▶ **DATASET RECORDS**:

# # # # #

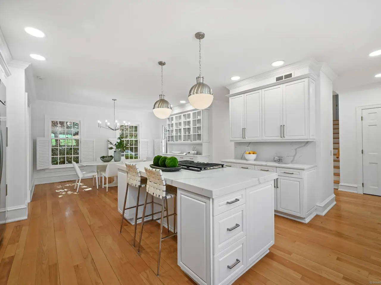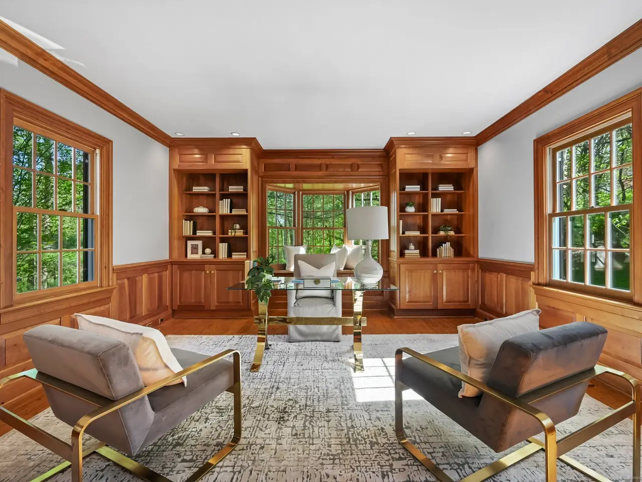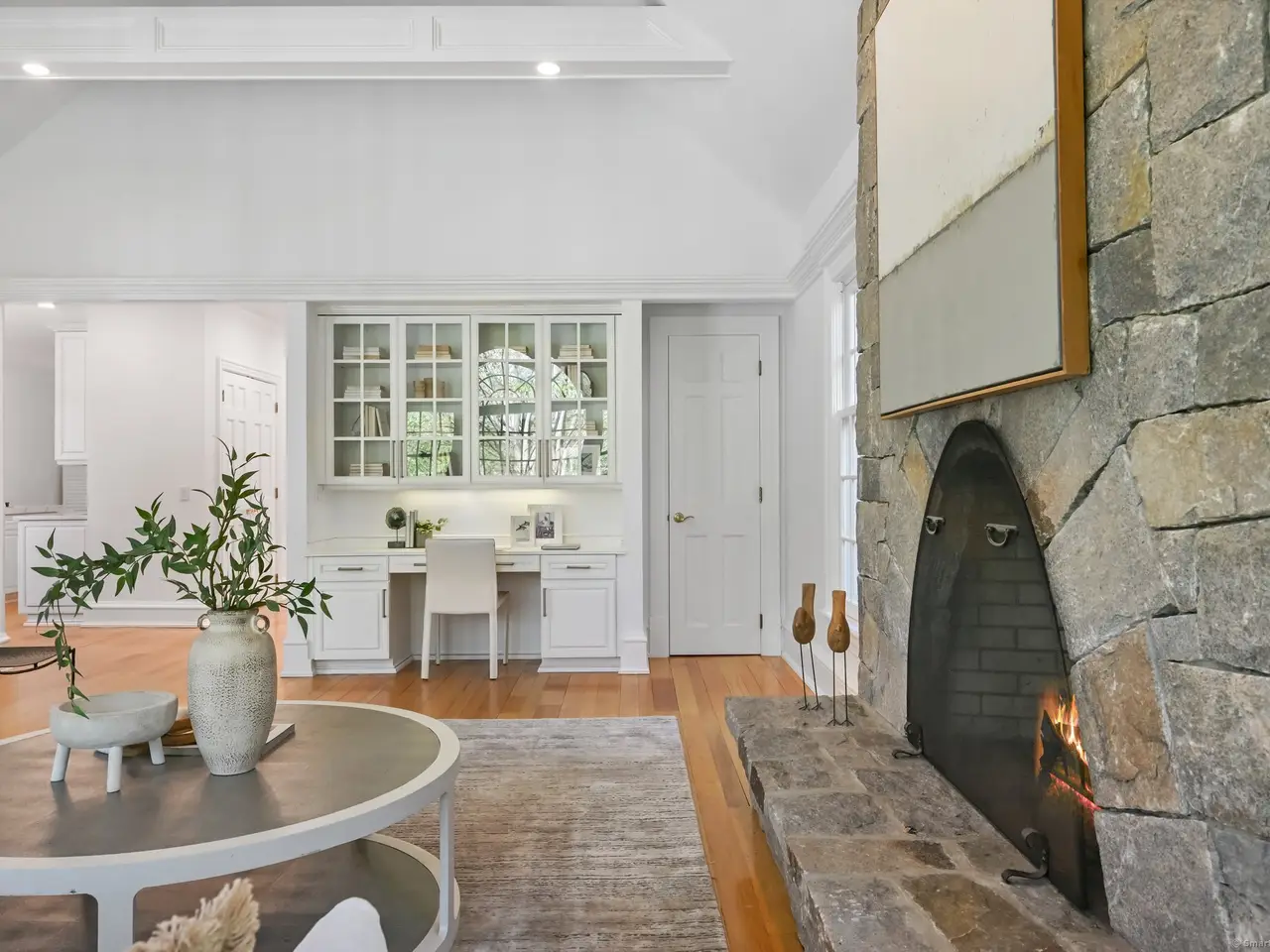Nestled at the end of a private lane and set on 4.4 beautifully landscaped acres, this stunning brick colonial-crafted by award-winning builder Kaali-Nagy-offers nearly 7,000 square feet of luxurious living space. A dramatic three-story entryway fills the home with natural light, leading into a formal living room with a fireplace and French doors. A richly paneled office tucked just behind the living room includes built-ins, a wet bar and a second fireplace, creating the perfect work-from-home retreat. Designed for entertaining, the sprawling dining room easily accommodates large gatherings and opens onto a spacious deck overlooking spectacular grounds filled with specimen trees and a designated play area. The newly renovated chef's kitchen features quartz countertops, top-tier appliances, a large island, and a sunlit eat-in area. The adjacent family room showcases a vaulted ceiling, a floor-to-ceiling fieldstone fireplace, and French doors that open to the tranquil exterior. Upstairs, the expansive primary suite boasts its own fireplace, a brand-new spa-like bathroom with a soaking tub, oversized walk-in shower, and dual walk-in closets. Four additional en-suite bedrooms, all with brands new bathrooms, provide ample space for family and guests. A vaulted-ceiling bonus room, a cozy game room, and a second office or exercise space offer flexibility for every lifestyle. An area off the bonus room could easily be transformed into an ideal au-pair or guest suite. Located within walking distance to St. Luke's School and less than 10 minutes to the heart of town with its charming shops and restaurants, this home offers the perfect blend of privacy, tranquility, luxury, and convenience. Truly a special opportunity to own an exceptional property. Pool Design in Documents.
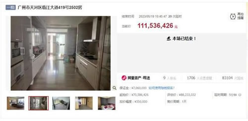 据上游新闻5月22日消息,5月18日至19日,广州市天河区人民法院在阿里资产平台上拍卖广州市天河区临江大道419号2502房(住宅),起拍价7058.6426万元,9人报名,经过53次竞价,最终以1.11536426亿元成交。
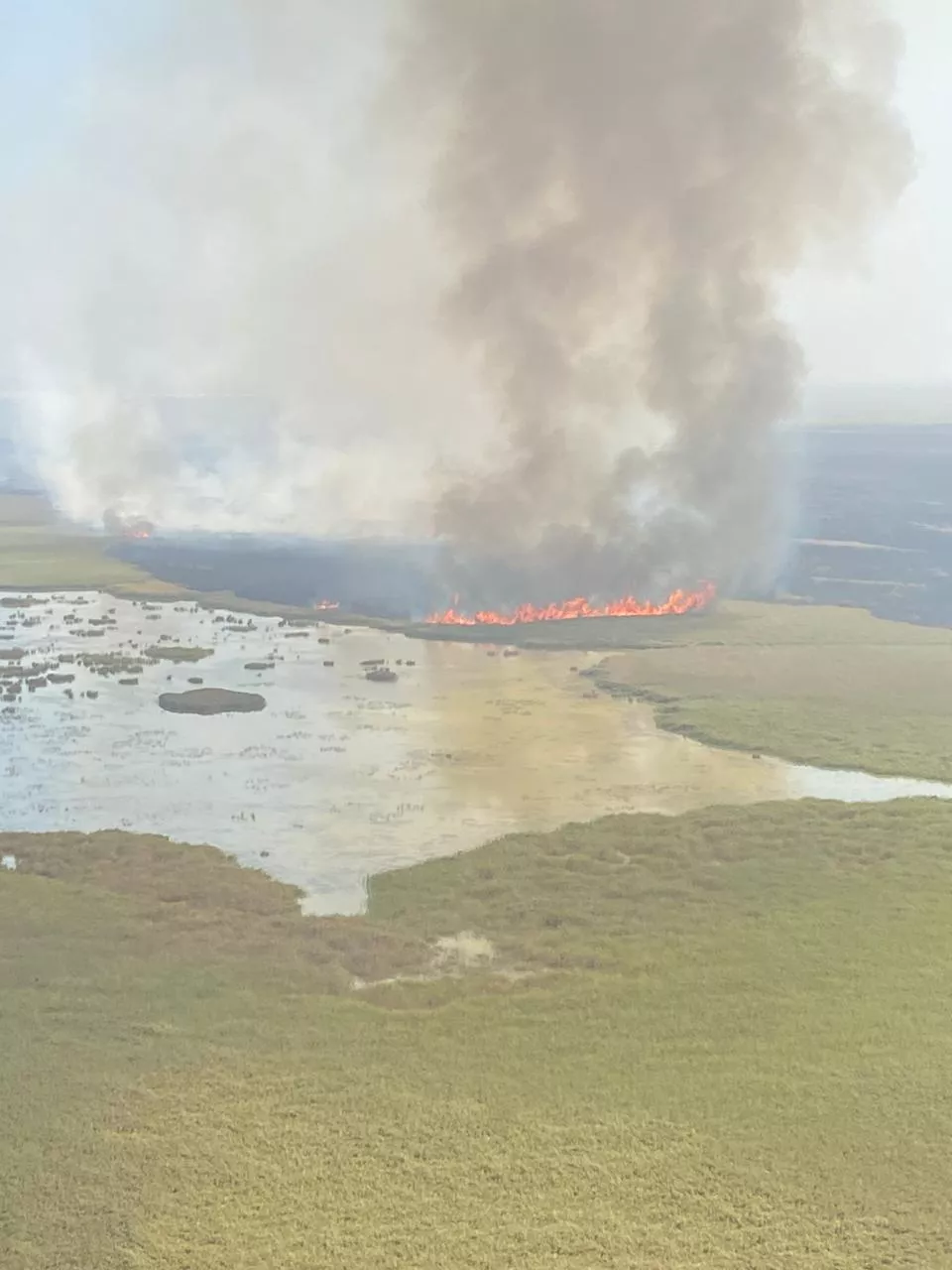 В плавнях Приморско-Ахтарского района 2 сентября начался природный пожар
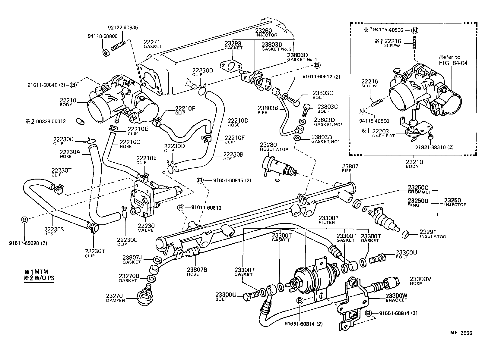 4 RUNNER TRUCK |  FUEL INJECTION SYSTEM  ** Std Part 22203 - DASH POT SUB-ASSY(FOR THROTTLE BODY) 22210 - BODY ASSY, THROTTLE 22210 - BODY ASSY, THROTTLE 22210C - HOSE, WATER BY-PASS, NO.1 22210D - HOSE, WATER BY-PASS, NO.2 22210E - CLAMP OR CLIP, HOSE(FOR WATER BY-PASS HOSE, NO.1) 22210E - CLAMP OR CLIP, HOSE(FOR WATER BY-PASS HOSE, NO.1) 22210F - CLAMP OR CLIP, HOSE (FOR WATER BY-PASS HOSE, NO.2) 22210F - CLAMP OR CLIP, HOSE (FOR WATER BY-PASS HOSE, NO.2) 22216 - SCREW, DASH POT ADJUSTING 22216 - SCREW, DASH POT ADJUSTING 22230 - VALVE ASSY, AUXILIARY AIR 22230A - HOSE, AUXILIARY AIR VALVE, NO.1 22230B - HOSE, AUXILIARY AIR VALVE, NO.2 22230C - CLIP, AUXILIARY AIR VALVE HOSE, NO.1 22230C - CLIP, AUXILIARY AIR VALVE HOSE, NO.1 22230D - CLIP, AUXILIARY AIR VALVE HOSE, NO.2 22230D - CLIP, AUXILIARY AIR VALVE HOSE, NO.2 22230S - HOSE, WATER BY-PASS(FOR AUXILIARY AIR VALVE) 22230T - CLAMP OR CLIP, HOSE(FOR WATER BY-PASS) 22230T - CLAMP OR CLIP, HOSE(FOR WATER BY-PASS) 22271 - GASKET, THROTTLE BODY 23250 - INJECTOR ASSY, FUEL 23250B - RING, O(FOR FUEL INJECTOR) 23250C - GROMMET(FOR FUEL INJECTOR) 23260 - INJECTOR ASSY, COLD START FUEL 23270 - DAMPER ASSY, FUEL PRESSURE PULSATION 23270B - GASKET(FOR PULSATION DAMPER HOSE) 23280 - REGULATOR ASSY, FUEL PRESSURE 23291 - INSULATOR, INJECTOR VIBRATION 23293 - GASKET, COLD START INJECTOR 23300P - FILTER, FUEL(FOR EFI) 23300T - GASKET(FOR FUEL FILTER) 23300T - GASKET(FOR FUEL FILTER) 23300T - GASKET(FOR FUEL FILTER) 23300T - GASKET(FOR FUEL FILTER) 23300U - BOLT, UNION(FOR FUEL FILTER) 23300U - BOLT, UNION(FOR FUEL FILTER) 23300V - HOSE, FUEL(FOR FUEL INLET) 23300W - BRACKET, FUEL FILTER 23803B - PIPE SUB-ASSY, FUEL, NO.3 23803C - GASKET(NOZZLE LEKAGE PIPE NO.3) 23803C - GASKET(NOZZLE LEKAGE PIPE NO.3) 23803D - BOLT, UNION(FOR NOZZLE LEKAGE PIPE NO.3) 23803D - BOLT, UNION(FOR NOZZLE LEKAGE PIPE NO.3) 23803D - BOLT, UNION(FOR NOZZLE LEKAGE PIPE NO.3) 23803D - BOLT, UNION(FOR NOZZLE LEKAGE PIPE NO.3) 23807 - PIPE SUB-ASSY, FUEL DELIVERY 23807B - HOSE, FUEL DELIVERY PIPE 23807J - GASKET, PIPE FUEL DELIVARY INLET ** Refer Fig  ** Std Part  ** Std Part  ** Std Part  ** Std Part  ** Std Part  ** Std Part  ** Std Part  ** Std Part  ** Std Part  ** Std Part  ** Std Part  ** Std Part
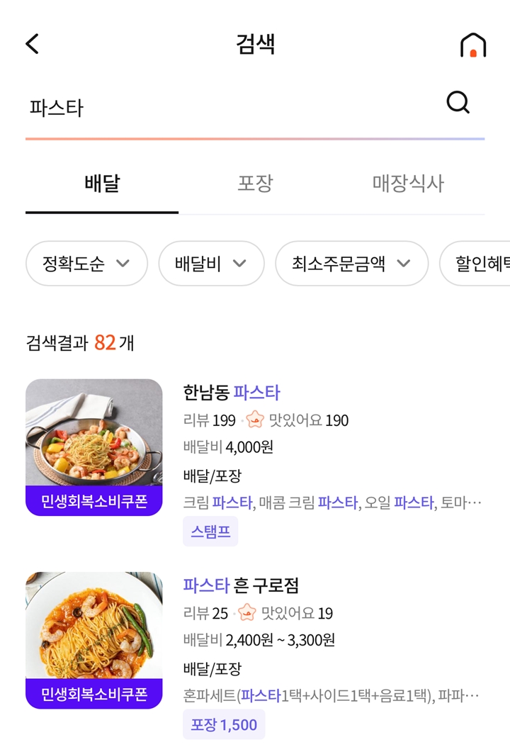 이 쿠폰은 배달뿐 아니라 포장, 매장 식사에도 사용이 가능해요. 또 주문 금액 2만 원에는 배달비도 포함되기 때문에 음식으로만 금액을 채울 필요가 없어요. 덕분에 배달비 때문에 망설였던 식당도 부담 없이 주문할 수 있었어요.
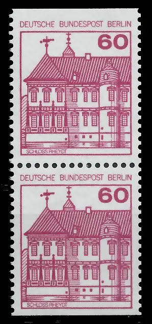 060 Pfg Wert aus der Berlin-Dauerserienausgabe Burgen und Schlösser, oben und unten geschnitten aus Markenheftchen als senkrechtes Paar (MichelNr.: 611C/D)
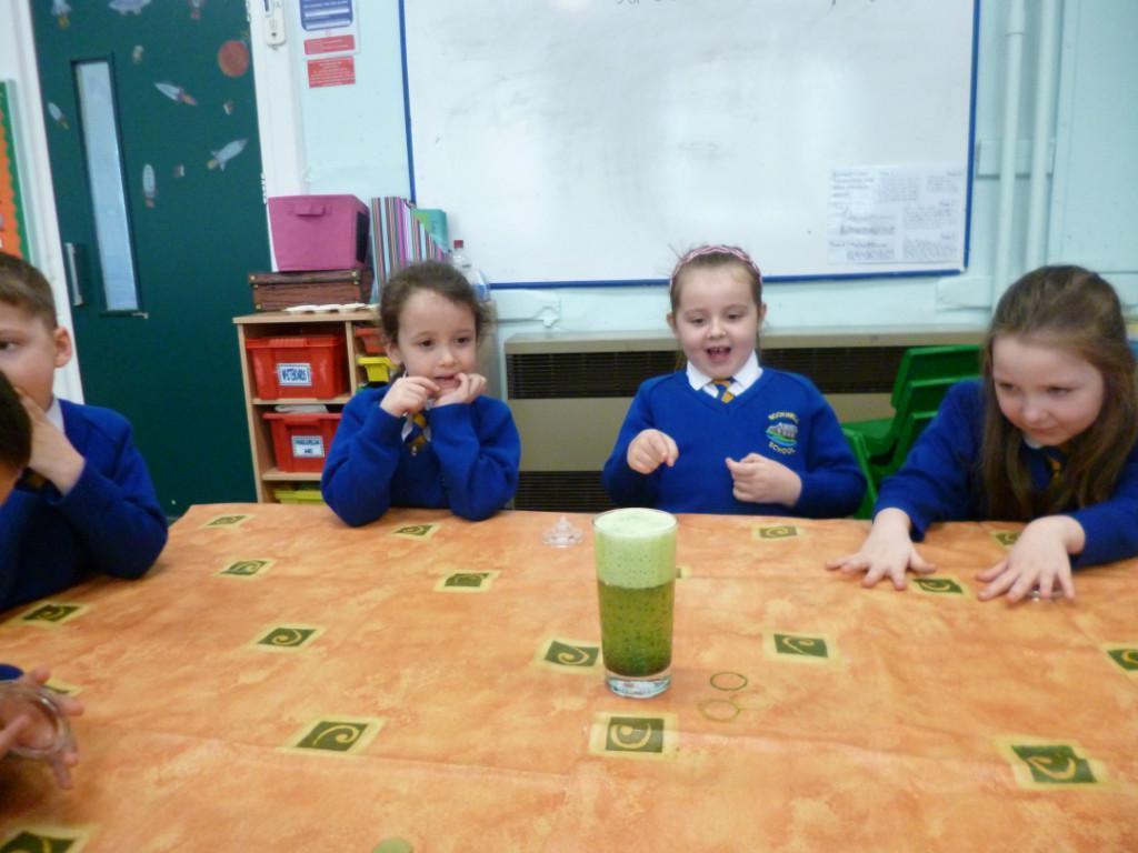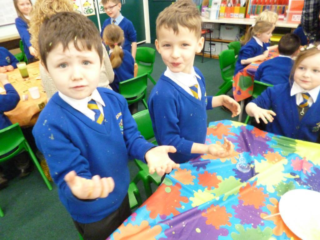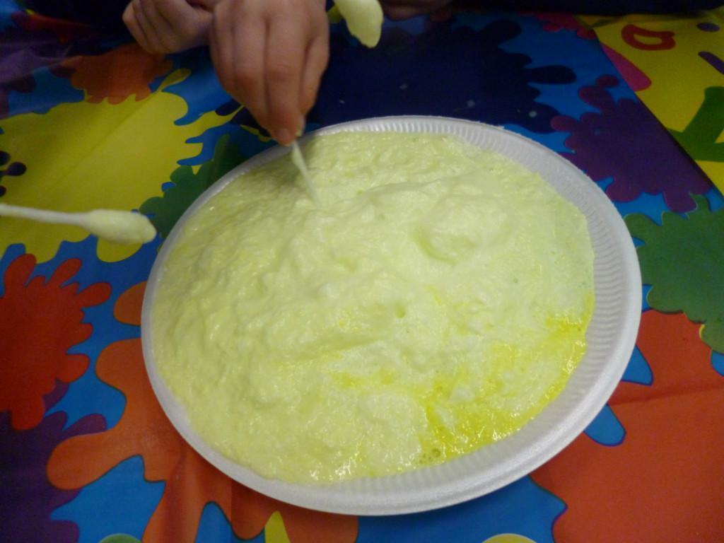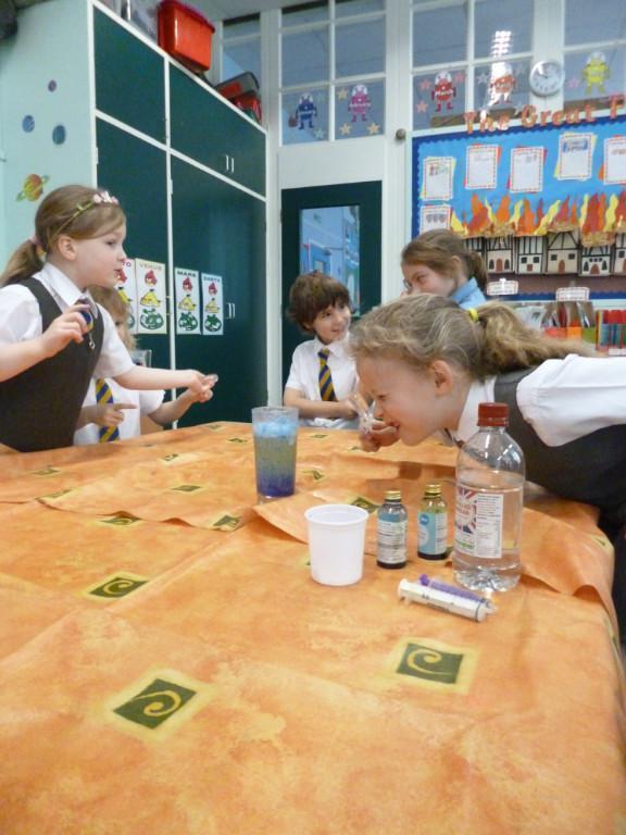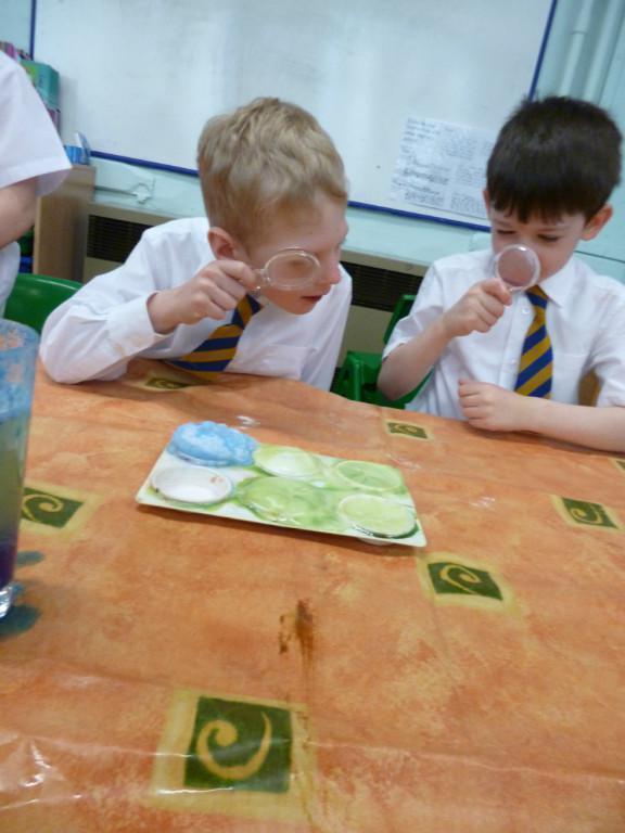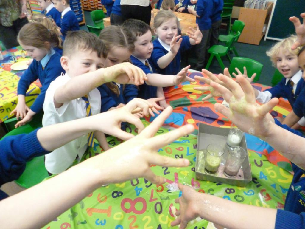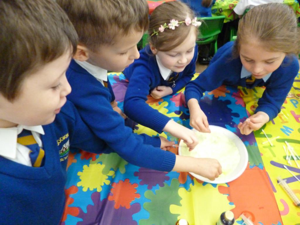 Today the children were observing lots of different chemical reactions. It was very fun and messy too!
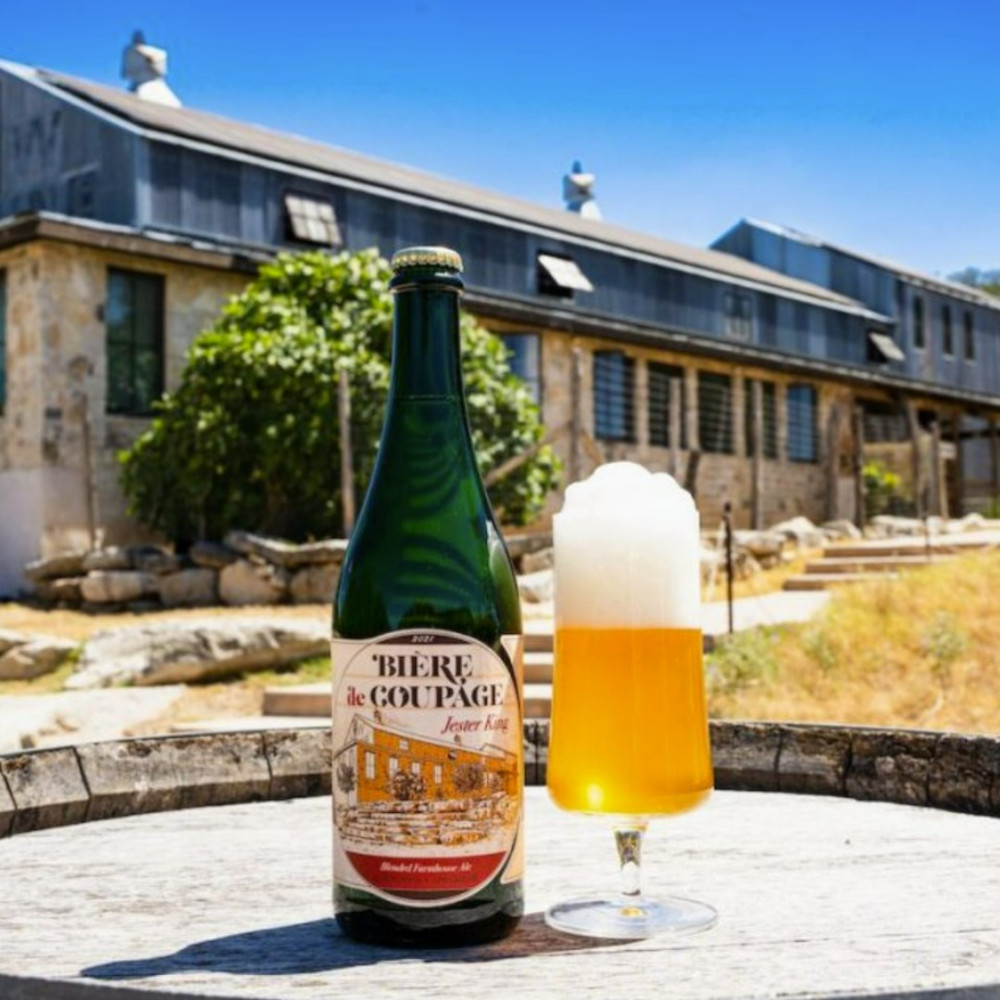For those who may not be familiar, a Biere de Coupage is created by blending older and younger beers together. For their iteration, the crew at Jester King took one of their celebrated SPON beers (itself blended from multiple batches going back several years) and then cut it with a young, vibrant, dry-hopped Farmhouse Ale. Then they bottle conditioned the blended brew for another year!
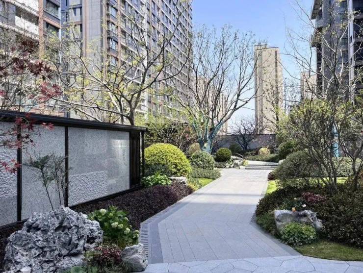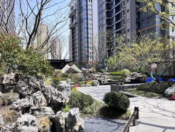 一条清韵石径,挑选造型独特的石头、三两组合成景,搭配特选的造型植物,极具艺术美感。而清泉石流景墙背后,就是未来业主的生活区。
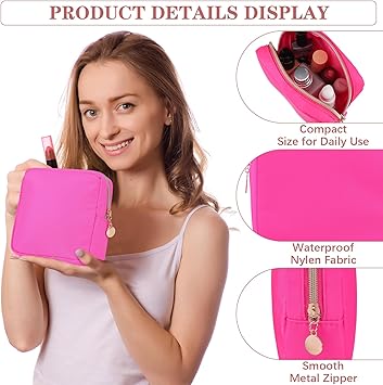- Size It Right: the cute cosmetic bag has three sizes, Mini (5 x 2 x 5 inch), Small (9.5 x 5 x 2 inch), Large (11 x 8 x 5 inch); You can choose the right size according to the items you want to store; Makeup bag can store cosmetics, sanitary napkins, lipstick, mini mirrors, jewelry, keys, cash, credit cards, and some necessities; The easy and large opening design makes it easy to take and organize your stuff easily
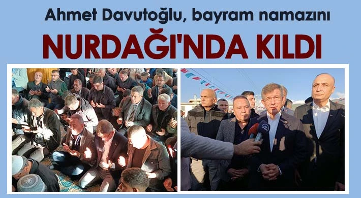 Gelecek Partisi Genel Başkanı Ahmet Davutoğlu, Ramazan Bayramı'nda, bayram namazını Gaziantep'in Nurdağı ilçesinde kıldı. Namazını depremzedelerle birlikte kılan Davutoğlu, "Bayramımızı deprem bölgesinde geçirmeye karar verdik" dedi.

# # # # #

▶ **TO DO**:
Starting from the line with "Today the children" in the records above, repeat each line exactly until you have written the line with "- Size It Right: the", then stop; drop the pictures.

▶ **EXERCISE ANSWER**:
 Today the children were observing lots of different chemical reactions. It was very fun and messy too!
For those who may not be familiar, a Biere de Coupage is created by blending older and younger beers together. For their iteration, the crew at Jester King took one of their celebrated SPON beers (itself blended from multiple batches going back several years) and then cut it with a young, vibrant, dry-hopped Farmhouse Ale. Then they bottle conditioned the blended brew for another year!
 一条清韵石径,挑选造型独特的石头、三两组合成景,搭配特选的造型植物,极具艺术美感。而清泉石流景墙背后,就是未来业主的生活区。
- Size It Right: the cute cosmetic bag has three sizes, Mini (5 x 2 x 5 inch), Small (9.5 x 5 x 2 inch), Large (11 x 8 x 5 inch); You can choose the right size according to the items you want to store; Makeup bag can store cosmetics, sanitary napkins, lipstick, mini mirrors, jewelry, keys, cash, credit cards, and some necessities; The easy and large opening design makes it easy to take and organize your stuff easily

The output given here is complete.